LUCKNOW: During a month-long electioneering in UP amid roadshows and pompuous campaigns, BSP chief Mayawati remained conspicuous as she ended her campaign on Saturday--much ahead of the others.

Marked with simplicity, her campaign style focused on making a wider appeal to her constituency and letting her dedicated cadre work on the grass-roots without making any sound bytes. The BSP held two huge rallies a day on an average during the last one month of the campaign.

However, the BSP chief, in an unprecedented way, seemed forthcoming and media friendly this election. She had also organised a few one-way press conferences to read out her retorts to her political adversaries during the poll period.

In order to save the losing ground after her party’s rout in saffron surge of 2014 Lok Sabha elections, the BSP supremo had initiated her silent preparation for battle of UP two years ago. She had zeroed in on her candidates then and deputed them in their respective constituencies with the ‘mantra’ to strike a direct connect with their voters at ground level while she thoroughly worked out the Muslim-Dalit formula around social and demographic equations for her party. Subsequently, Mayawati fielded Muslim candidates on 99 seats and Dalits on 87.

Mayawati’s poll mechanics have always been based on her social engineering. In 2014 Lok Sabha elections, she might have failed to win a seat but managed to win 20 per cent vote share which the political pundits cannot ignore.

This time around, Mayawati tweaked her strategy a bit, maintaining an anti-BJP tone in her campaign in a bid to target the SP minority vote bank to make her Muslim-Dalit formula work in favour of BSP. She positioned herself diagonally opposite to the BJP, firing her barbs at the PM Narendra Modi mainly over demonetisation, projecting herself as their ‘messiah’ instead of the SP which was clearly embroiled in the family feud. 

Meanwhile, the BSP chief faced a series of rebellions when some prominent leaders like Swami Prasad Maurya and Brijesh Pathak and half a dozen MLAs quit the party.
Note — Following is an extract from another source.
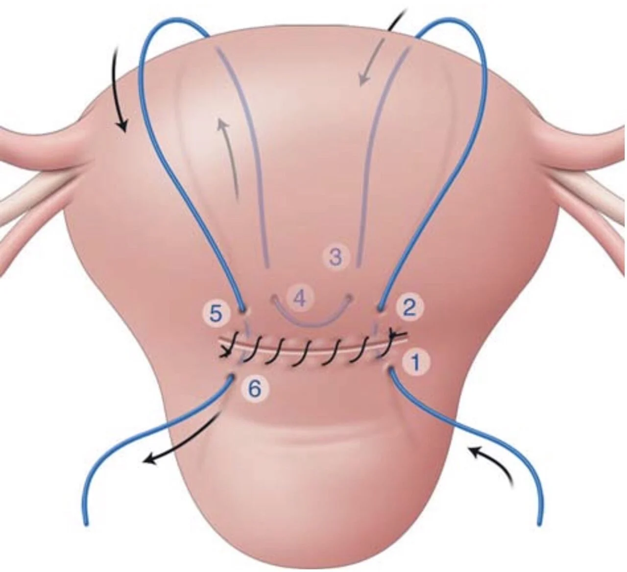 “AJOG Expert Review in Cesarean: Management of immediate and delayed postpartum hemorrhage with cesarean delivery – B-Lynch’s technique of uterine compression by complication performed after uterine closure. The blue line illustrates the suture’s path, with the numbers indicating the order of the needle’s passage.”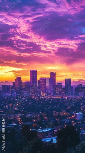 Fototapeta premium A vibrant sunset over a city skyline, showcasing urban beauty.

However, she overcame it quickly and did not allow her preparations to be hit. Her trusted lieutenants like and SC Mishra and Naseemuddin Siddiqui held ‘bhai chara meetings’ to ensure that their leader’s poll dynamics worked this time again. She also opened her doors to turncoats while others were trying to wriggle out of their feuds and had no hesitation in inducting mafia don-turned-MLA Mukhtar Ansari, to strengthen her position in eastern UP. In a centralised party like the BSP, there was little scope for rebels to upset her applecart. 

During her month-long campaign, she kept her political discourse focused mainly on PM Modi over demonetisation and CM Akhilesh Yadav--calling him babua and targeting him for ‘poor law and order situation’.

Having learnt her lessons during her last stint as CM, Mayawati assured the voters in all her rallies that she will not construct statues, memorials and museums in the State. Going with a manifesto, the Dalit leader doled out some pragmatic sops--waiving farmers’ loan, promise of posting working women in the home district of their spouse, posting cops in the home range--to the electorate during her campaign trail.